父親の帰りは遅く、帰ってきたときには皺の増えた顔を赤くして酔っぱらっているようだった。機嫌良く笑いながら、突然やってきたアレイズに陽気な言葉を向けた。
「やあどうした、ローデリアの体調はどうだい?」
妻が体調不良で寝込んでいる、ということだけを、表向きは伝えてあった。まさか自殺未遂をしたなどとは言えなかったからだ。その事実を知っているのは、屋敷の使用人でも数人だけだった。
「父上、お尋ねしたいことが」
アレイズの出す冷たい声に気がついたらしく、父親の顔から笑顔は消えた。どうした、何かあったのか。威厳ある侯爵らしく、口調も改まる。
「ローデリアが、どうしても私と結婚したいと強く望んだ、と父上はおっしゃっていましたよね」
「あ? なんだ、そんな話をいきなり。それがどうした」
「それは、本当ですか」
父親をこれでもかと言う位に睨みつけて聞くと、その視線を受け、煩わしそうに溜息を吐いた侯爵は、あろうことか“意外に長くばれなかったなあ”とのんきに呟いた。その言葉に耳を疑う。

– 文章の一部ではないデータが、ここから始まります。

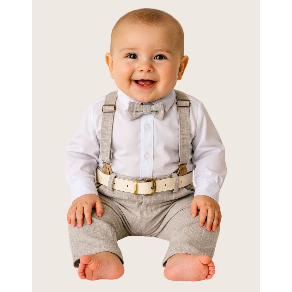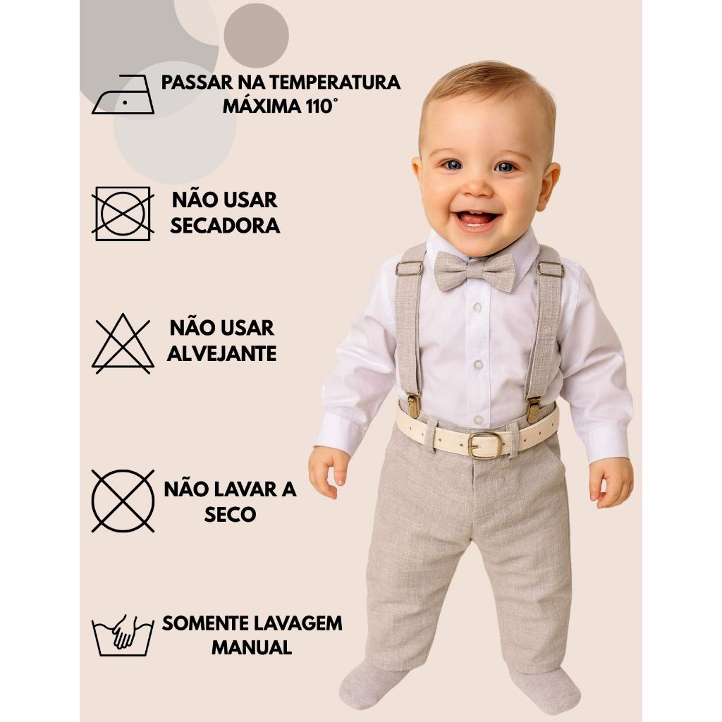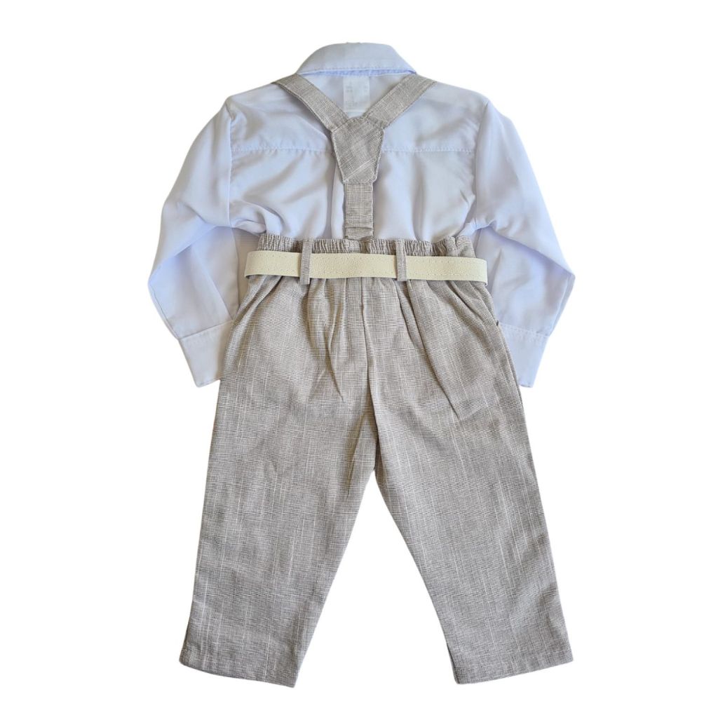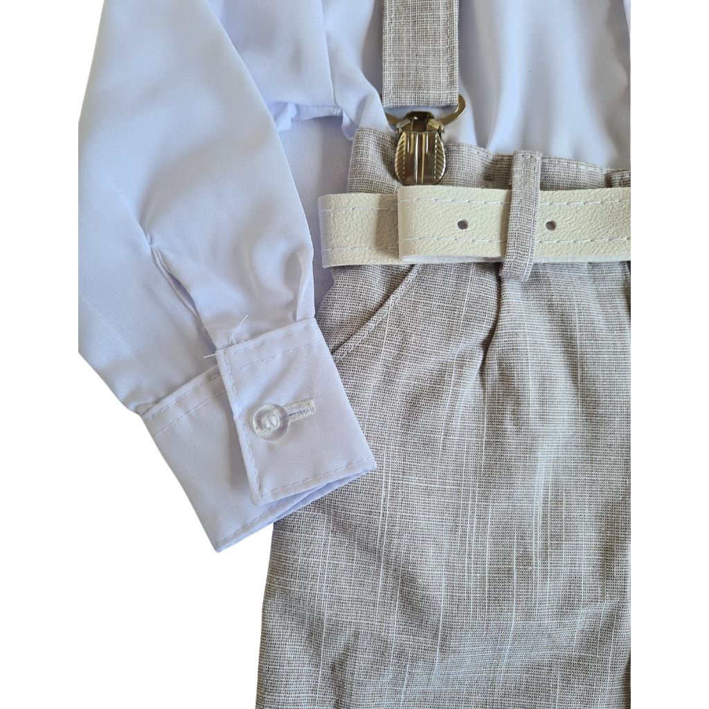 Conjunto Social Bebê Menino Camisa Branca + Calça com Suspensório Cinto Gravata Borboleta Batizado

「もっと早くローデリアから真実を知ると思っていたからね、この頃は逆に、一生ばれないんじゃないかと思っていたところだ」
「それは……っ」
「ああ嘘だとも。私が王にお頼みしたのさ。初めは第四王女をと申し出たのだが、王は第三王女ならばとおっしゃってね。母親が庶子なのは嫌だったが、高貴な王の血が入っていることを考えたら、何も問題あるまい?」
「問題が無いだと!」
「無いとも。国王は、第三王女の事を貰いうけてくれるならば、これからの我が家の盛隆も約束してくれた。どうやらあまりローデリア様のことは好いていなかったようでね。王宮から追い出せるならと喜んでくれたよ」
一気に頭に血が上り、アレイズは持っていたグラスを放り投げた。鋭い音がして、ガラスの割れる音が響く。それをちらりと横目で見ながら、侯爵は肩をすくめた。
「今更怒ったことで何か変わるか? そもそも私は最初に言っておいたはずだ。あんな家の娘との結婚は認めないとね」
「あの時、功績をあげれば認めると言ったのは、嘘だったのか」
「勿論嘘だとも。大体、お前がティーゼ嬢と結婚したいと言い出すのが悪いのだ。ドミナント家などというのはまだ爵位を貰ってから一、二代しか経っていないし、そもそもあの家は爵位だって、他人のおこぼれでもらったような下賤な家系だぞ。認めるわけがなかろうが」
「なんていうことを……っ」
「なんとでも言うがよい。もうローデリアと結婚してしまったのだし、今更騒ぎたてた所でどうにもならんだろうに」
それ以上父親と会話をしていては斬りかかってしまいそうで、アレイズは怒りを震える手に納め、父の屋敷を後にした。家に戻る馬車の中、父親に対する今にも噴火しそうな怒りと、ティーゼに対する愛と、そしてローデリアに対する罪悪感が、心の中に浮かんでは沈んで行った。
気づくタイミングはいくつもあったはずだ。侍女が一人しかいなかったことも、たった三台の馬車で家にやってきたことも、刺繍があんなにも下手だったことも、夜会で国王がローデリアに声を掛けなかったことも。ローデリアはどれだけアレイズが冷たくしても文句一つ言わず、怒りの表情も浮かべなかった。彼女は何を思っていたのだろう。
王宮で孤独に過ごし、好きでも無い男に嫁がされ、その男から言われも無い罪で中傷を受け続けて、何を考えていたのだろう。
――――自害しようとするほどまで、追い詰めた。